To illustrate this point, it is worth returning to consider the idea of replacing the election with a group of data scientists carrying out Big Data calculations. It is perhaps an extreme example, but it is one that makes clear that ethical and legal considerations must come before Big Data. The election must remain the election because on its own a Big Data calculation has no way of achieving the necessary social trust necessary to ensure continuity of the government. For this we need a cohesive society and we need the law. Unless Big Data starts from ethics and from legal considerations, we risk time and effort developing a large number of algorithms that are solving the wrong problems.
Training data scientists while ignoring the ethical and legal implications of Big Data is a short cut that is tempting in the short run, but can do nothing but harm us in the long run.
Big Data as Slow Science
The amount of time and effort needed to make Big Data work, might lead us to expect that Big Data should yield some sort of Big Bang, a real scientific revolution. In fact, however, it are the principles the same old scientific method of centuries that we return to in order to define Big Data experiments. In short, Big Data is a natural development of existing practices. Some have even argued that data-driven science pre-dated the digital age, e.g., this essay entitled Is the Fourth Paradigm Really New?
However, it would also be wrong to characterize Big Data as business as usual. A more apt characterization is as follows: Before the Big Data age scientific research proceeded along a the conventional path: researchers would formulate their hypothesis, design their experiment, and then as the final step collect the data. Now, the path starts with the data, which inspires and informs the hypothesis. The experimental design must compensate for the fact that the data was "found" rather than collected.
Given this state of affairs, it is easy to slip into the impression that Big Data is "fast" in the sense that it speeds up the process of scientific discovery. After all, the data collection process, which in the past could take years, can be carried out quickly. If the workflow is implemented, a new hypothesis could be investigated in a matter of hours. However, it important to consider how the speed of the experiment itself influences the way in which we formulate hypotheses. Because there is little cost to running an experiment, there is little incentive to put a great deal of careful thought and consideration into which hypotheses we are testing.

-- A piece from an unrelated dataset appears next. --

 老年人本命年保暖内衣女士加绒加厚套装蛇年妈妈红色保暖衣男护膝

A good hypotheses is one that is motivated by a sense of scientific curiosity, and/or societal need and that has been informed by ample amounts of real-world experience. If there is negligible additional cost to running an additional experiment, we need to find our motivation for formulating good hypotheses elsewhere. The price of thoughtlessly investigating hypotheses merely because they can be formulated given a specific data collection is high. Quick and dirty experiments lead to mistaking spurious correlations for effects, and yield insights that fall short of generalizing to meaning real-world phenomena, let alone use cases.

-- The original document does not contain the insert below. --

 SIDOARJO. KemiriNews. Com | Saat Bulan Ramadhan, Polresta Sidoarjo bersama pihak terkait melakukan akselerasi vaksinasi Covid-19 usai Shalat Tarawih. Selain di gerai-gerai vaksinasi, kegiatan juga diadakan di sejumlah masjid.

In sum, we should remember the "V" of velocity. Big Data is not just data sets, its also data streams, which makes Big Data also Fast Data. Taking a look at data streams makes it easier to see the ways in which Big Data can go wrong, and why it requires special training, tools, and techniques.

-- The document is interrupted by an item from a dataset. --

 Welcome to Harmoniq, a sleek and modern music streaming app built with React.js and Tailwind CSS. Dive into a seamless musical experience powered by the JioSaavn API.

Volume, variety, and velocity have been extended by some to include other "Vs" such as Veracity and Value. Here, I would like to propose "Vigilance". For Big Data to be successful we need to slow down: train people with a broad range of expertise, connect people to work in multi-skilled teams, and give them the time and the resources needed in order to do Big Data right. In the end, the value of Big Data is the new insights that it reveals, and not the speed at which it reveals them.